Workshop dan Penandatanganan MoU

Selain pelepasan ekspor, BPDP dan ASPEKPIR menyelenggarakan Workshop Praktik Ekspor Lidi Sawit di Kabupaten Langkat, Sumatera Utara, pada 18 Juni 2026. Workshop diikuti sekitar 100 peserta dan diisi penandatanganan nota kesepahaman antara koperasi sawit dan pelaku ekspor untuk meningkatkan produksi lidi sawit siap ekspor.

Workshop dibuka resmi oleh Kepala Dinas Pertanian dan Ketahanan Pangan Langkat Hendri Tarigan. Kegiatan ini merupakan bagian dari upaya pemberdayaan UMKM perkebunan dan perluasan pasar ekspor.

Rangkaian acara dihadiri antara lain Setiyono (Ketua Umum ASPEKPIR), Anwar Sadat (Analis Divisi Kerja Sama Kemasyarakatan dan UMKM BPDP), Ilham Setiadi (Direktur Utama PT Arra Setya Abadi), Tsarwah (perwakilan Kepala Dinas Pertanian dan Ketahanan Pangan Sumatera Utara), serta perwakilan Badan Karantina, Sekretaris Jenderal ASPEKPIR Syarifuddin Sirait, Ketua Aspekpir Langkat Sahnan Solin, perwakilan perguruan tinggi, petani, dan pengrajin lidi sawit.

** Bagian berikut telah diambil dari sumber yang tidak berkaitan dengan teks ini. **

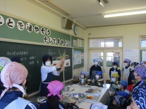 講師の先生方をお招きして、氷見の食材を使った料理教室が行われました。 作る料理は「豚汁」です。 大根、人参、ごぼう、ねぎ、豚肉、そして今旬のをさつまいも使って作ります。 ポットを使ったおかゆの作り方や、「ゴリゴリ元気ふり
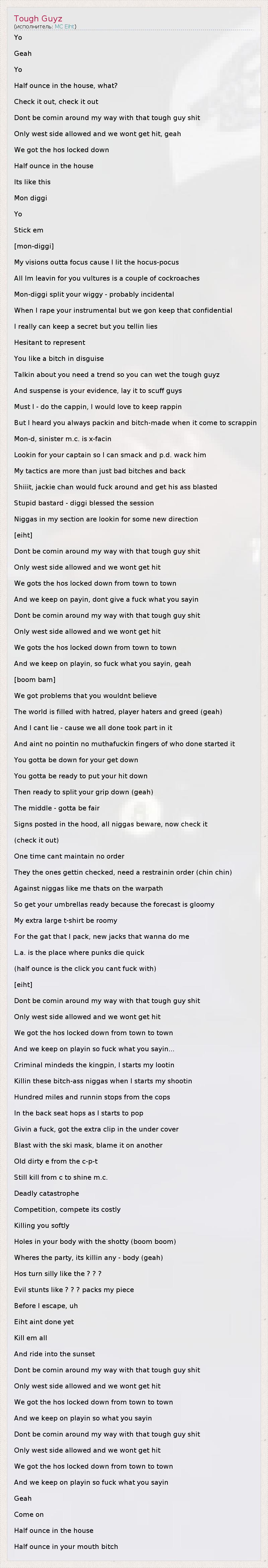 А как ты думаешь, о чем песня "Tough Guyz" ?
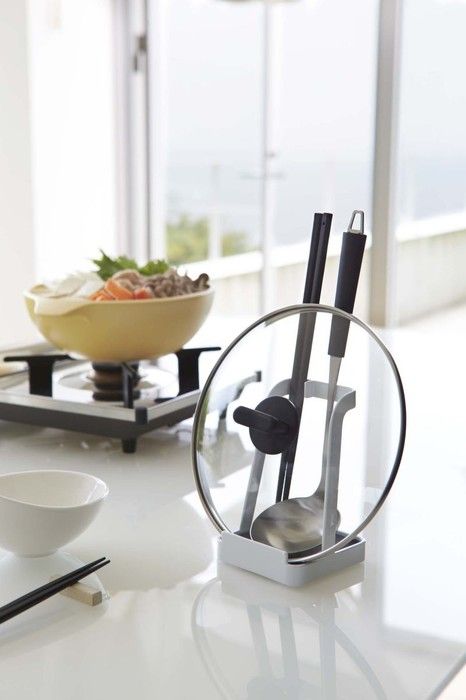 Spatel en Deksel Staander - Tower Yamazaki - 10x10x15cm - RVS - Wit
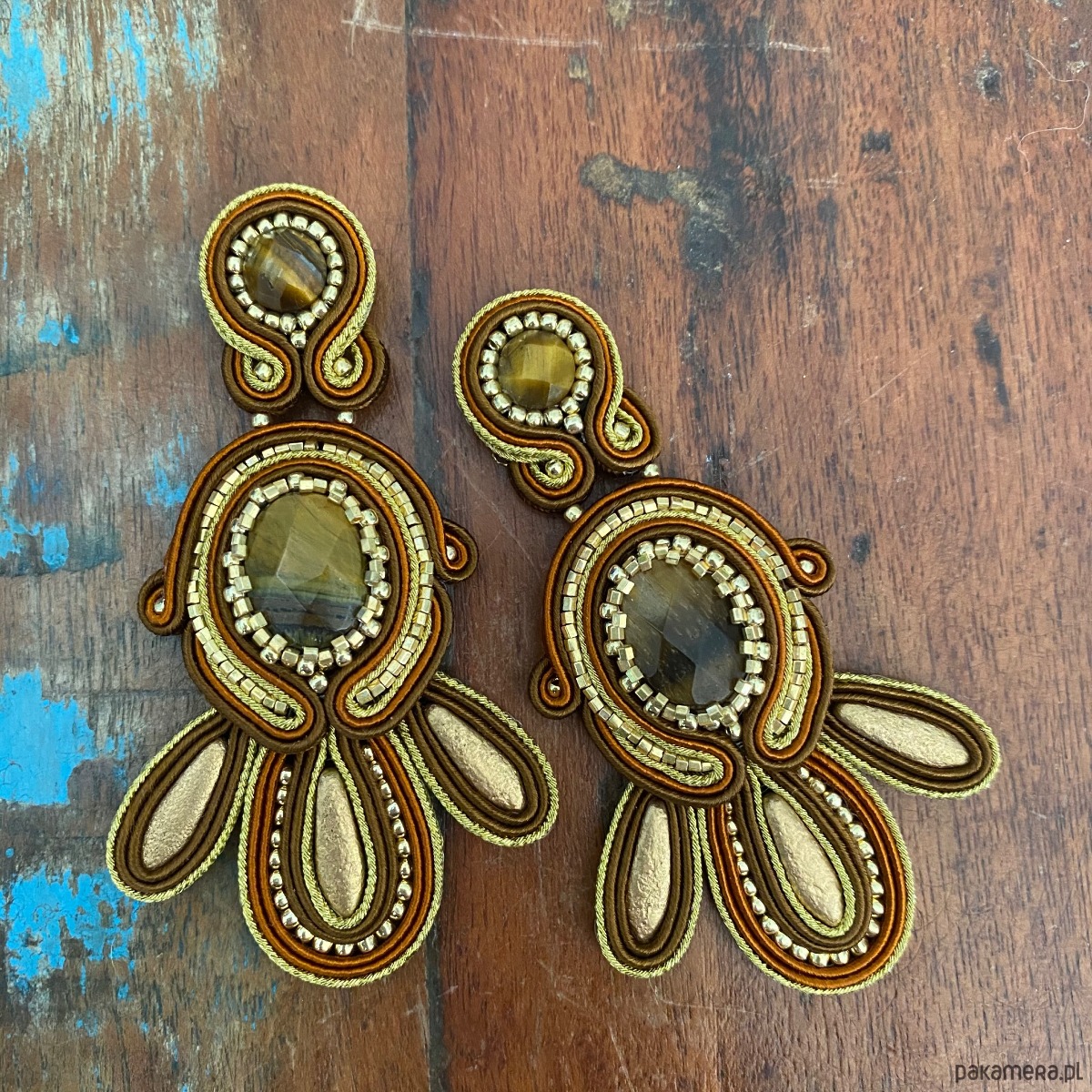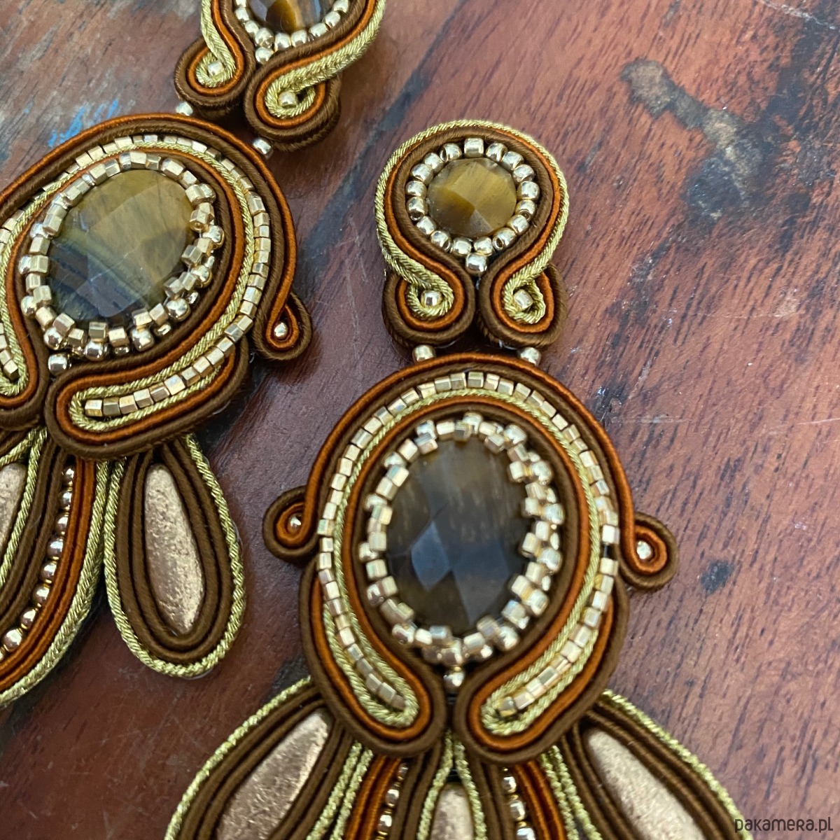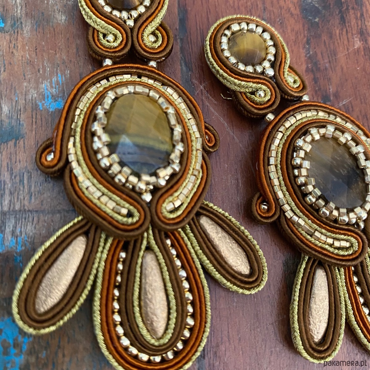 Kolczyki wykonane pracochłonną techniką haftu sutasz. Fasetowane kamienie tygrysiego oka otoczone są sznurkami sutasz i drobnymi koralikami toho. Kolczyki podklejone są naturalną skórą.rozmiar kolczyków :

Manfaat Ekonomi dan Lingkungan

Pengembangan produk berbasis lidi sawit disebut mampu mendukung prinsip ekonomi sirkular dan pembangunan berkelanjutan. Pemanfaatan pelepah dan biomassa sawit sebagai bahan baku produk UMKM diharapkan mengurangi limbah sekaligus menciptakan nilai ekonomi baru bagi masyarakat sekitar perkebunan.

Keberhasilan ekspor perdana ini juga dinilai menunjukkan sektor sawit dapat memberikan manfaat ekonomi yang inklusif bagi petani, perempuan, pemuda, UMKM, koperasi, dan pelaku ekspor. Rantai pasok produksi lidi sawit melibatkan banyak pihak sehingga berpotensi menciptakan lapangan kerja dan meningkatkan ekonomi daerah.